The smaller questions have obvious answers. How do you feel about having to use communal bathrooms? Scared. Are you excited for the dining hall food? Unbelievably. Are you going to miss home? Of course. Are you constantly confused? Yes. But the big questions like “Are you ready for this?” make me contemplate my decisions, consider my existing knowledge, and ultimately leave me dumbfounded and unable to answer completely truthfully.
Of course, other people's experiences and the countless resources we have at our fingertips have helped me form a vague representation of what the general college scene is like, but what will it be like for me? What if everything I have heard and seen has set my expectations too high? What if nothing goes right? We all have different mindsets and interpretations, varying opinions and thoughts, distinctive personal backgrounds and priorities, so I won’t have the answers to these questions until I am living them. And the thought of that is terrifying. But it’s also weirdly thrilling; the vast unknown holds innumerable prospects. Therefore, I have begun to view college as a train ride to my next destination. Right now, I’m standing on the platform with open doors in front of me, a few seconds left before they close. All I need to do is take the leap and enjoy the ride.

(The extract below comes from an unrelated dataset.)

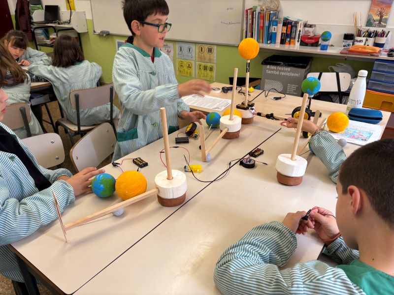 Per conèixer informació hem estat llegint textos i responent preguntes que ens plantejaven. També vam poder conèixer els moviments de la Terra observant una maqueta que representava el moviment de translació; així vam poder descobrir com es creen les estacions de l’any. Un altra activitat força interessant que vam fer va ser una maqueta robotitzada del sistema Sol-Terra-Lluna. Vam construir-ne quatre i vam utilitzar esferes de poriexpan, fang, llistons de fusta i un circuit elèctric que consistia en una pila, un interruptor, un motor i una roda, tot plegat unit amb cables. A més d’això, vam fer un activitat molt divertida que consistia en el repte de rescatar la Terra i a partir de lectures de QR, visionat de vídeos i de respondre a diverses qüestions, vam ser capaços de fer unes promeses ecològiques i van atorgar-nos finalment el diploma de Guardians del Planeta Terra. Va ser molt emocionant! Al final, vam fer algunes activitats de síntesi com uns Kahoots i una prova escrita.

So what can you expect when you don’t know what to expect? As I see it, there are broadly three possibilities ahead: nothing will meet my expectations, I will hate everything about college and will spend my time wistfully thinking of the past and home; everything will match or exceed my expectations, I will absolutely love college, have the perfect experience, and somehow transform into the person I’ve always dreamed of being; or I will try to keep an open mind, enjoy the good times and brave the bad, laugh and cry, and I will choose to learn, mature, and make the best of the next four years of my life.